Query performance tuning is a big topic, where the technology involved is very broad, but we can generally divide it into the following levels:
1. Reduce data access. The related technique is to create an appropriate index that converts time-consuming operations such as full table scans, index scans (scan), to index lookups (seek). Establish the correct index, can make the database query performance raise 100-1000 times even higher, just like a very thick dictionary, if there is no index, you have to check a thing, that is quite laborious, need to check the whole book, indexed can be directly based on the index positioning. This is the most important way to improve performance.
2. Reduce the data returned. Transmission of data in the network, bandwidth is limited, if the need to extract the smallest amount of data, will play a good role. It should be noted that in SQL, do not appear in the select *, but what fields are required to extract what fields.
3. Reduce the number of interactions with the database. Limited network resources, obviously, frequent interaction with the database, but also a constraint on the performance of a factor. A good suggestion is to use stored procedures, or batch statements, to reduce interaction with the database and improve performance.
4. Reduce the CPU load. Here, the main use is the caching plan. In a query, try to use a parameterized query. In this case, the database caches the query parameters to reuse the query plan.
5. Improve hardware performance. This is the last resort, if other aspects have been done very well, performance bottlenecks in the CPU, memory and disk, the adoption of hardware performance to improve the scheme will appear more appropriate, or else first to optimize other places.
The above 5 levels of optimization bring performance improvements that are descending in turn, and are an inverted pyramid.
Let's discuss the index in detail below.
Baidu Encyclopedia on the index description is: "Database index is a database table in one or more columns of the value of a structure, use the index to quickly access specific information in the database table." ”
Indexes are grouped into clustered indexes (clustered index) and nonclustered indexes (nonclustered index).
A. Clustered index
A table that contains a clustered index, called a clustered table, is organized in a way that is consistent with the order of the clustered index. A column that is covered by a clustered index, called a clustered key.
In the case of Xinhua dictionary, the text of each word is a data row, their organizational order is based on pinyin, if the pinyin is the same, will be based on strokes (not necessarily accurate, forgive), so the Xinhua Dictionary of the clustered index covered by the column is pinyin and strokes.
It is easy to understand that the text can only be sorted in an established order, and that, similarly, there can be only one clustered index in a table, which determines how the data rows are organized.
B. Nonclustered indexes
The nonclustered index, in the words of the Xinhua dictionary, is the appendix of the dictionary body that searches by pinyin, searches by radical, and finds by strokes. They describe the sort position of the text in the body, but they are separate from the text. A nonclustered index, which has nothing to do with the organization order of the data, and it uses a series of pointers to point to the data row to describe the location of the data row.
A table that does not contain a clustered index, called a heap table, has an organized order of data rows that is not in a particular order, similar to a pile of books, and adds a book to the top of the pile (in the heap table, the implementation may be different).

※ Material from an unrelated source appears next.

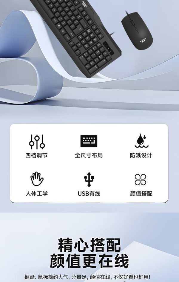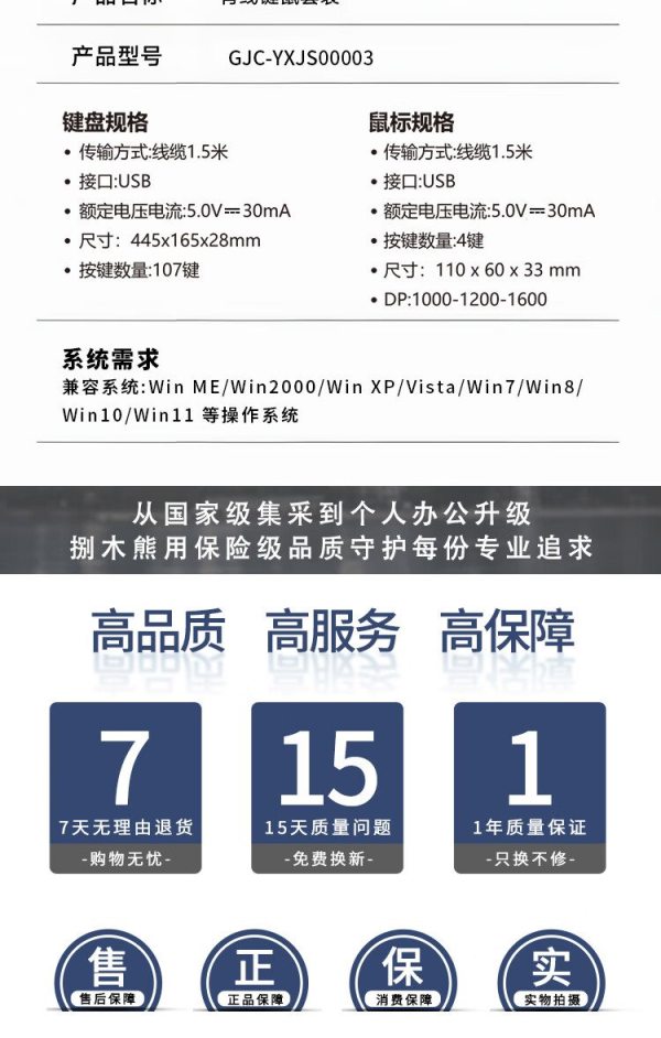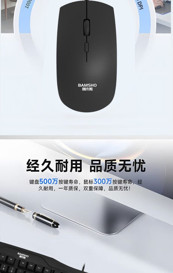 商品名称:捌木熊 GJC-YXJS00003 有线键盘鼠标套装(单位:套)黑色

Clustered indexes have a very high impact on query performance. Clustered tables, nonclustered indexes are positioned based on the clustered key, and the nonclustered indexes in the heap table are positioned according to the data line number. This will have a great performance difference, the former performance is much better than the latter. Therefore, it is very necessary to establish a proper clustered index. A good suggestion is to index with a column with a small print segment and a value unique, preferably a single column, which can be a surrogate key. Because if the field is too large, the cost of sorting will be very high; If the column value is not unique, the database appends 4 bytes of information to the duplicate value to identify the duplicate value, increasing the unnecessary overhead.

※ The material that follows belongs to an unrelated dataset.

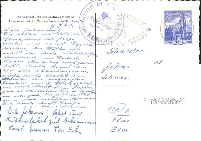 71984193 alte Postkarte Karwendelhaus Alpenverein Sektion Maenner Turnverein Muenchen postalisch gelaufen Erhaltung siehe scans KatCode: 11390335070926

Typically, we specify a primary key when creating a table, and if you do not explicitly specify an index type, the clustered index is created by default. For example, the add Constraint Pk_tbl primary key (SID) will create a clustered index in the SID sequence. You can explicitly specify the index type on the primary key, such as the add Constraint Pk_tbl primary key nonclustered (SID), which creates a primary key for the nonclustered index. So, when creating a primary key, be careful, there are multiple primary key cases, be aware of explicitly specifying the index type.
Indexes can greatly improve query and sorting performance, but in inserting, deleting, and modifying primary keys, you need to maintain an indexed order. If a frequently changing table is not appropriate to create too many indexes, the negative performance impact of the index will outweigh the gains.

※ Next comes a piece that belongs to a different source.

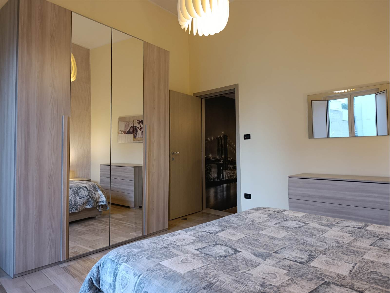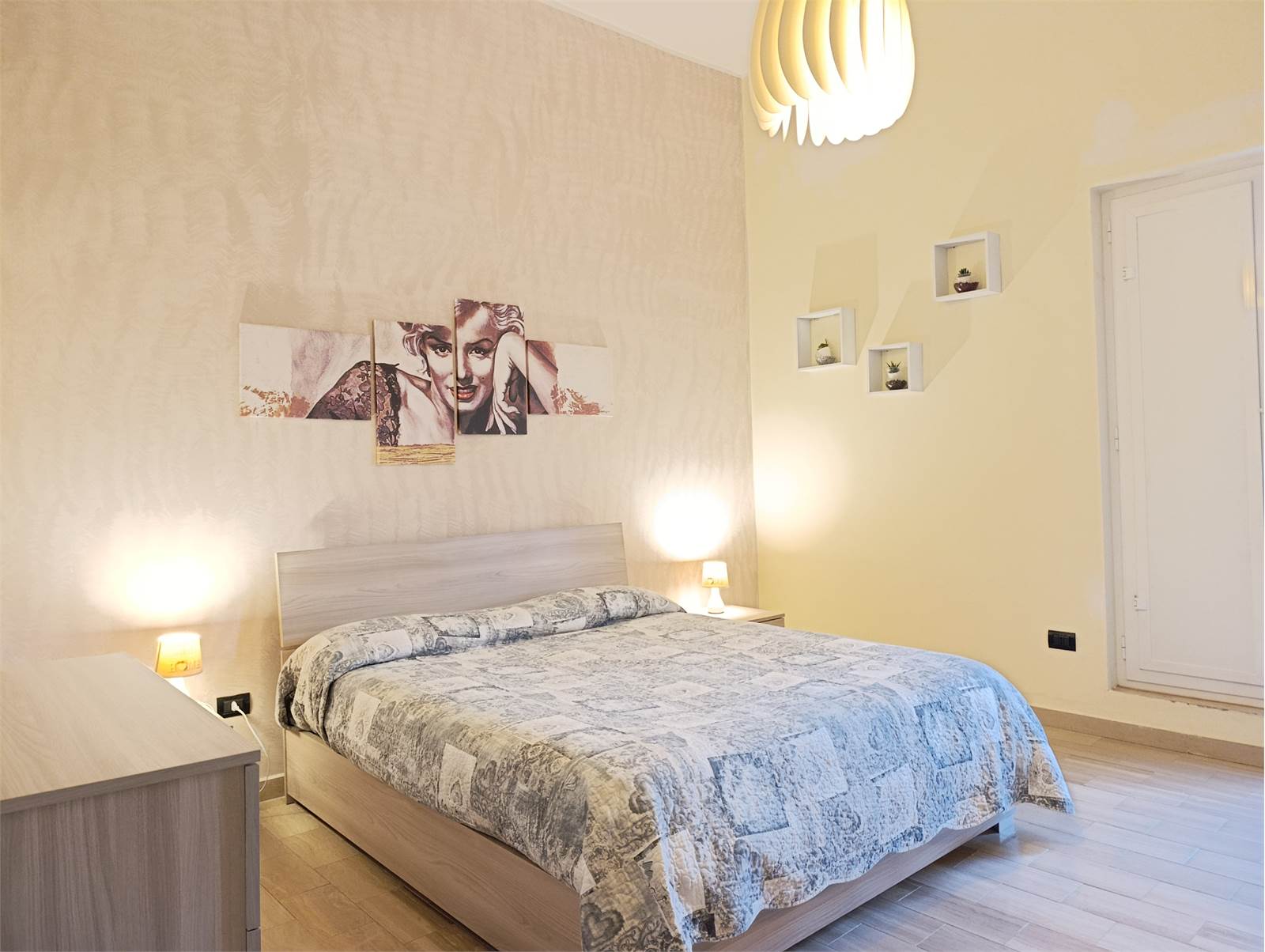La camera matrimoniale, ben proporzionata e intima, offre un’atmosfera tranquilla ideale per il riposo quotidiano. Completa la proprietà un bagno curato nei dettagli, dotato di tutto il necessario per garantire comfort e praticità.

Index optimization, is a very elegant thing, it needs to find a balance point.
In general, there are several suggestions to create an appropriate index:
1. More than 300 rows of data tables to create an index (ignore off)
2. Clustered index fields cannot be too much, preferably a single field, and column values are unique
3. For tables with a very large number of data fields, and many of these fields appear in the where, it is not advisable to establish a separate index on each field, but to create a composite index. In a composite index, the order of the columns is exquisite, the more selective and the only column to put in front, which has great help for query optimizer optimization. It is not advisable to index a large number of repeated column values, such as indexing on a true,false column.
4. If there are few fields in the query, consider setting up an overlay index, including the fields in the index, and you can only access the index to query all the data without the table scan.